1. Use of a sheet material including a laminate of a first layer of a resilient polymer and a membrane outwardly of the first layer, the membrane being a polymer harder than the resilient polymer, for application to an exterior surface of an aircraft fuselage for noise reduction within the cabin.

2. The use of claim 1 wherein the use applies the sheet material to only a portion of the aircraft fuselage extending from the location of the cockpit wall back along the passenger seating area.

3. The use of claim 1 wherein the use avoids application to the nacelles, the nose and the tail.

4. The use of claim 1 wherein the first layer is a 0.005 to 0.1 inch thick layer of acrylic foam and the membrane is a 0.005 to 0.064 inch thick polyurethane.

5. A method for mitigating vibroacoustic noise in a passenger cabin of an aircraft having a fuselage, the method comprising:

coating a portion of an exterior surface of the fuselage with a resilient sheet material.

6. The method of claim 5 wherein the portion is only from an axial position radially outwardly of a wall between the cockpit and a passenger area, back along the passenger seating area.

7. The method of claim 5 further comprising coating the exterior surface near windows to the passenger cabin and aligned with a plane of propeller rotation.

8. The method of claim 5, wherein coating avoids application of the resilient sheet material to the nacelles.

9. The method of claim 5, wherein the portion is above the windows.

10. The method of claim 5, wherein the coating step applies the resilient sheet material asymmetrically on one side of the aircraft compared to the other side of the aircraft.

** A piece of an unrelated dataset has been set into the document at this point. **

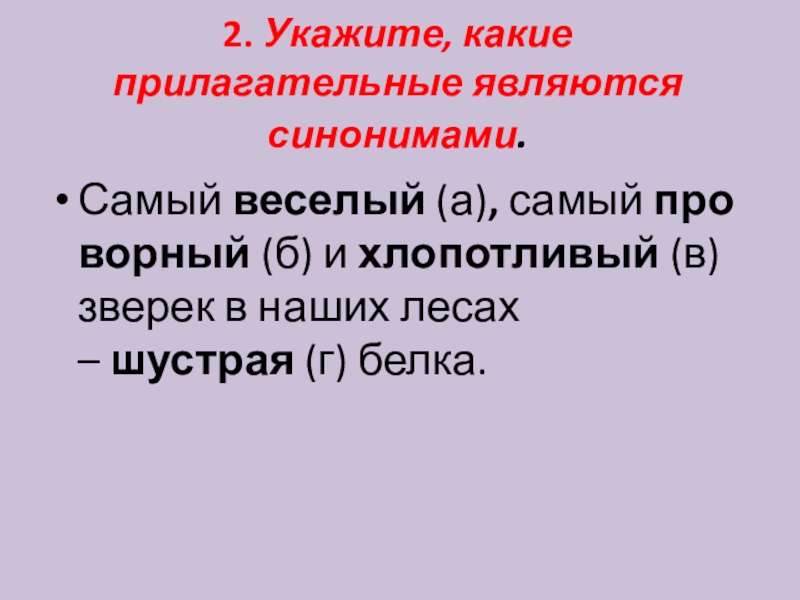 Слайд 32. Укажите, какие прилагательные являются синонимами.

11. An aircraft comprising:

a fuselage with an exterior surface;

a passenger cabin, a cockpit and a wall between the passenger cabin and the cockpit within the fuselage; and

a resilient sheet material coupled to the fuselage exterior surface, wherein the resilient sheet material damps turbulent boundary layer and/or propeller-induced noise within the passenger cabin.

12. The aircraft of claim 11 wherein the resilient sheet material is coupled only to an area aft of the cockpit.

13. The aircraft of claim 11 the resilient sheet material covers at least a portion of the fuselage exterior surface from a forward-most location radially outwardly from the wall and back along the passenger seating area.

14. The aircraft of claim 13 further wherein the portion is near windows to the passenger cabin and aligned within a propeller plane.

15. The aircraft of claim 11, wherein the nacelles are free of the resilient sheet material.

16. An acoustic-damping sheet material comprising:

a laminate of (a) a first layer of a resilient polymer; and (b) a membrane outwardly of the first layer, the membrane being a polymer harder than the resilient polymer; and,

the acoustic-damping sheet material being for application to an exterior surface of an aircraft fuselage for acoustic-damping within the cabin.

17. The acoustic-damping sheet material of claim 16 the first layer is a 0.005 to 0.1 inch thick layer of acrylic foam and the membrane is a 0.005 to 0.064 inch thick polyurethane, and adhesive properties are provided by the acrylic foam.